For the Dones, what they miss most is the community — not the sermon, not the songs, not the organization, not the performance. They miss people.

Jacob’s story begins to hint at something that will become clear throughout this book. Namely, community is so important that it’s often the only thing our respondents miss when they leave, and it’s the first thing they seek to re-create outside of the church (38).

Moving as they are toward some resolutions, they make this point: that community isn’t accidental. It must be a priority:

Jaden’s comments echo those of many of our respondents: Community could be found in big churches and small churches, but it never happened accidentally. Community must be worked at, nurtured, and nourished. Its a misconception to think that community naturally occurs when people get together often enough or that community occurs when people who agree with each other come together. Community happens when people share life together, when they see each other repeatedly and share experiences. These commonalities lead to a feeling that people can be counted on and to a shared sense of reality and values (40).

So, this is important: the Dones believe in community and have experienced community and they have sensed it collapse because of judgmentalisms.

People who feel judged generally become defensive and withdraw from a group, but usually only after a period of gradual disengagement and resistance (41).

Judgment inherently lacks many of the religious elements our respondents hold as a core part of their belief system. Forgiveness, grace, humility, and love are absent in the moment of judgment, and those are the theological tenets held most closely by our respondents (43).

Judgment can be both implicit and explicit:

By far the most pervasive type of judgment our respondents described was felt or perceived rather than overtly expressed (44).

Our respondents also encountered expressed judgment when people in the church encouraged them to change their behaviors or beliefs. These expressed judgments were often couched in biblical terms. This kind of judgment was often the domain of religious professionals who, no doubt, thought they were acting in the best interests of their congregants (45).

They are not looking for unconditional affirmations for each and everything and everyone.

What they really wanted was a shared understanding that we’re all broken and in need of forgiveness and grace (46).

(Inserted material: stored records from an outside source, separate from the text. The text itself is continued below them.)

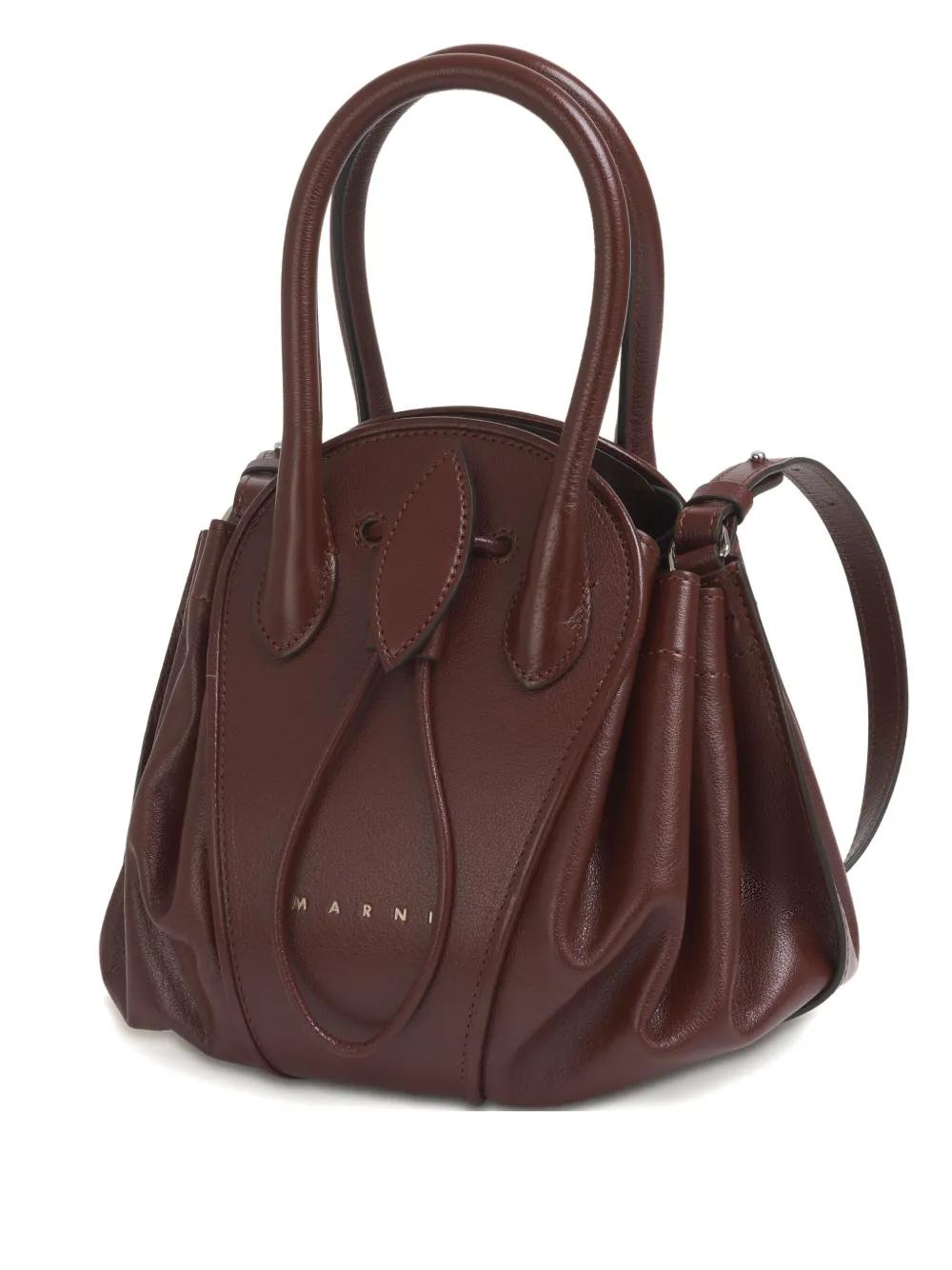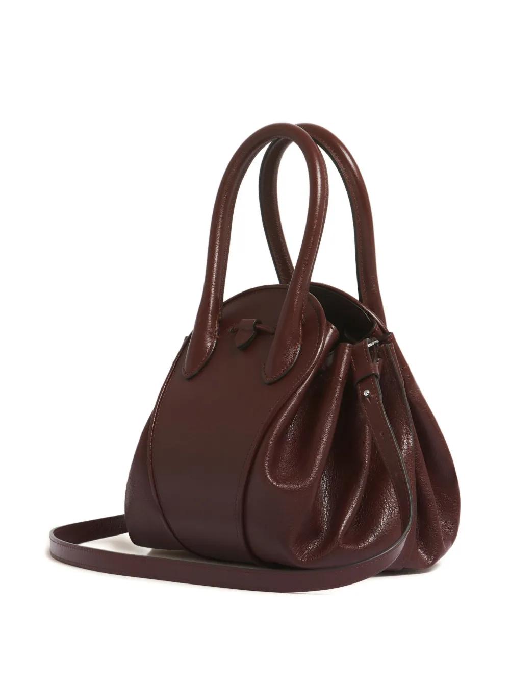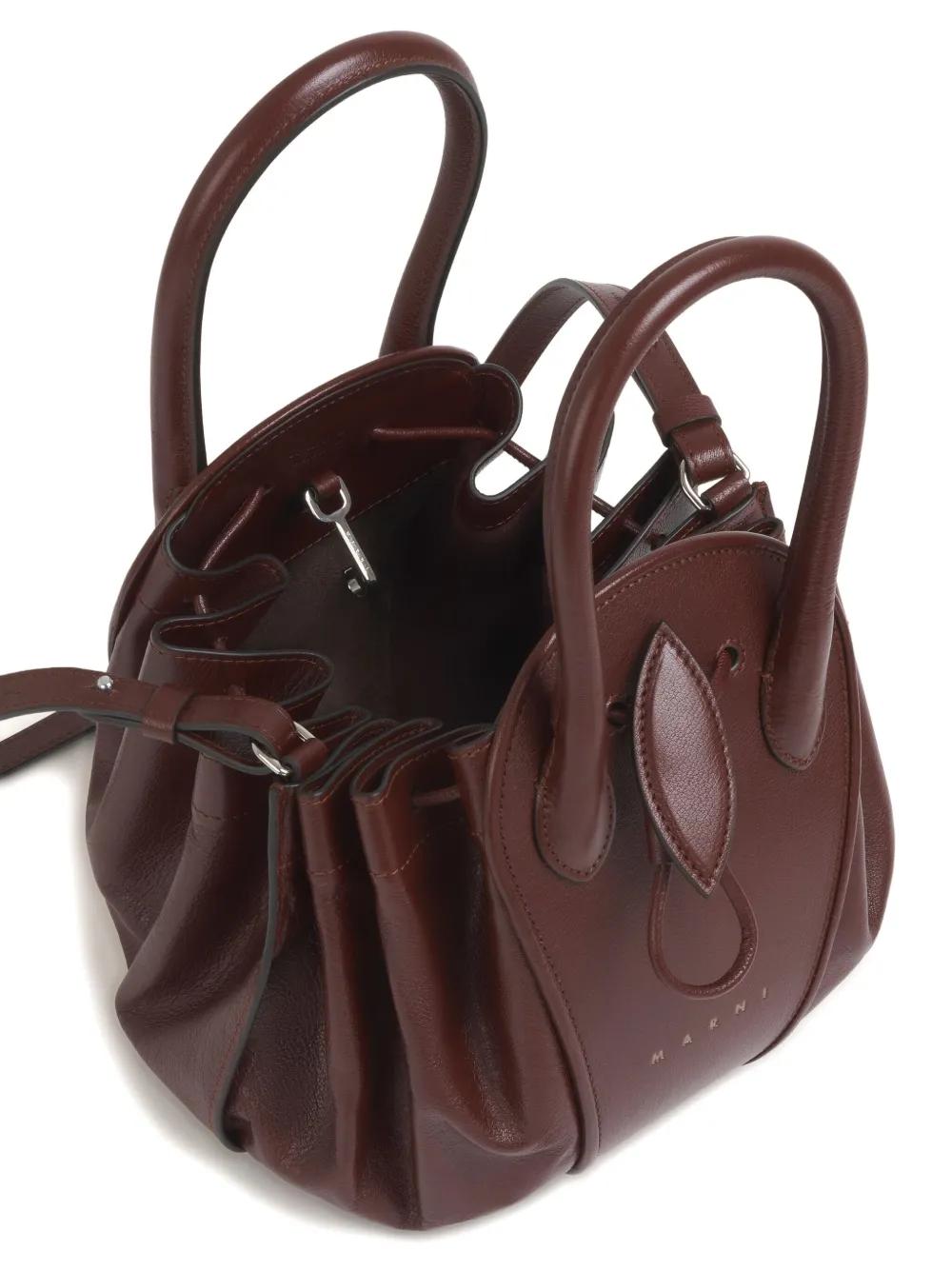 dark brown buffalo leather tubular top handles detachable shoulder strap hot-stamped logo drawstring fastening
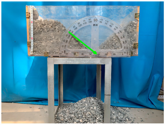The mechanical parameters (such as density, particle size distribution, grading, internal friction angle, and cohesion) of the ore-rock bulk materials play an important role in the overall fluidity of the storage materials and the force condition of the ore-pass wall. In order to ensure the accuracy of the experimental results, waste rock from a certain mine was crushed and screened into different sizes in the laboratory to keep its mechanical properties close to the ore-rock bulk in situ. According to the previous studies on the physical parameters of bulk materials, the bulk density of the broken stones, which was obtained by the water injection method [23], was 2050 kg/m3. On this basis, the quartering method was used to scale the building stone samples, the particle size distribution, and the mass proportion of the scaled samples were obtained by using different grid screens, as shown in Table 1.
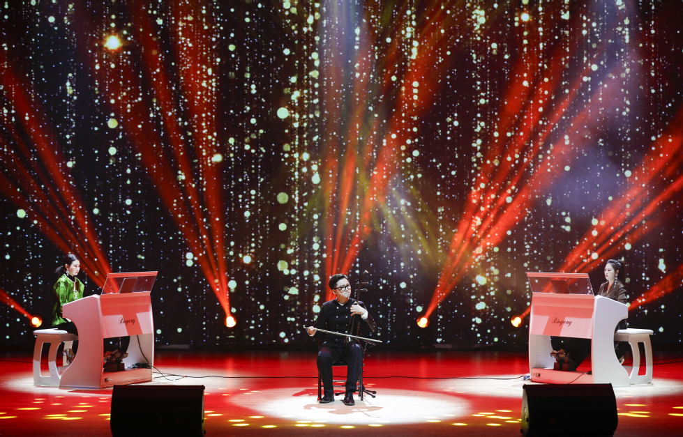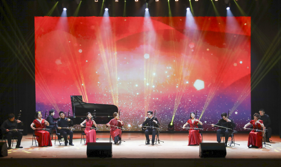 激昂澎湃的古典舞《黄河》拉开了晚会序幕,以简约而深刻的舞蹈语言展现出古典舞和革命史碰撞的魅力;江苏省大学生戏剧展演一等奖作品《缺氧,不缺信仰》引人入胜,通过多元化人物塑造和现实主义描绘,历练出新时代青年人炽热的家国情怀与无畏担当!歌曲联唱《红色记忆》以一首首经典红色歌曲向祖国献礼;由全体二胡师生共同演绎的《光明行》颇有跌宕起伏、八方云集的宏大气势,是热爱,更是传承;古典舞《相和歌》行云流水,刚柔并济,充分体现了舞蹈演员不仅是肢体上的表演者,更是文化的研究者和传承者;器乐重奏《渔舟悦》《山语·幻》紧扣时代脉搏,以恢宏叙事和具象表达奏响了新时代民乐的蓬勃生机;四重唱《往日时光》、《光芒》把晚会推向高潮,极富感染力的演唱震撼人心,照亮了每一个中华儿女的前进方向;二胡与电子管风琴《楚颂》燃爆全场,中国传统乐器与西方现代乐器的跨界碰撞,独特的曲风打破了民族音乐传统语言界限,似乎把观众带入了一场气势雄浑的交响乐;由教师舞动青春舞蹈队带来的舞蹈《舞韵龙城》编排精美,尽显巾帼风采;龙游话剧团的朗诵《当国旗升起的时候》,用铿锵有力的誓言向祖国深情告白,中国魂在青年心中熊熊燃烧。晚会在合唱《莫斯科郊外的晚上》《我的祖国》中落下帷幕。

The authors head off a problem quickly:

This distaste for judgment raises important sociological and religious questions. Have we become so narcissistic as a society that we only want to be around people who affirm everything we do? What are our religious leaders there for if not to hold us accountable to a belief system we’ve already professed faith in? (47)

After church, what about community for the Dones? Read this:

When I pressed her to explain, she said she was looking for people who were loving, accepting, and forgiving, and that she was able to find those qualities in people who weren’t churchgoers more easily than she found them in church (48).

They do this as Christians, however:

This sentiment sums up the community life of most of our respondents after leaving the church. Very few of them disavowed Christianity. At the same time, very few of them held on to any explicitly Christian communities. When the Dones pursue community, they often do so with their Christian identify firmly intact, but not with the people who attend their old churches. They are done with church, but not with God (49).

What can we do? What can be done to head this problem before it turns into The Dones?

In order to keep people from leaving the church and to reengage those who have left, churches must do a much better job of affirming people while also going out of their way to explain, in word and action, that they aren’t judging them (51).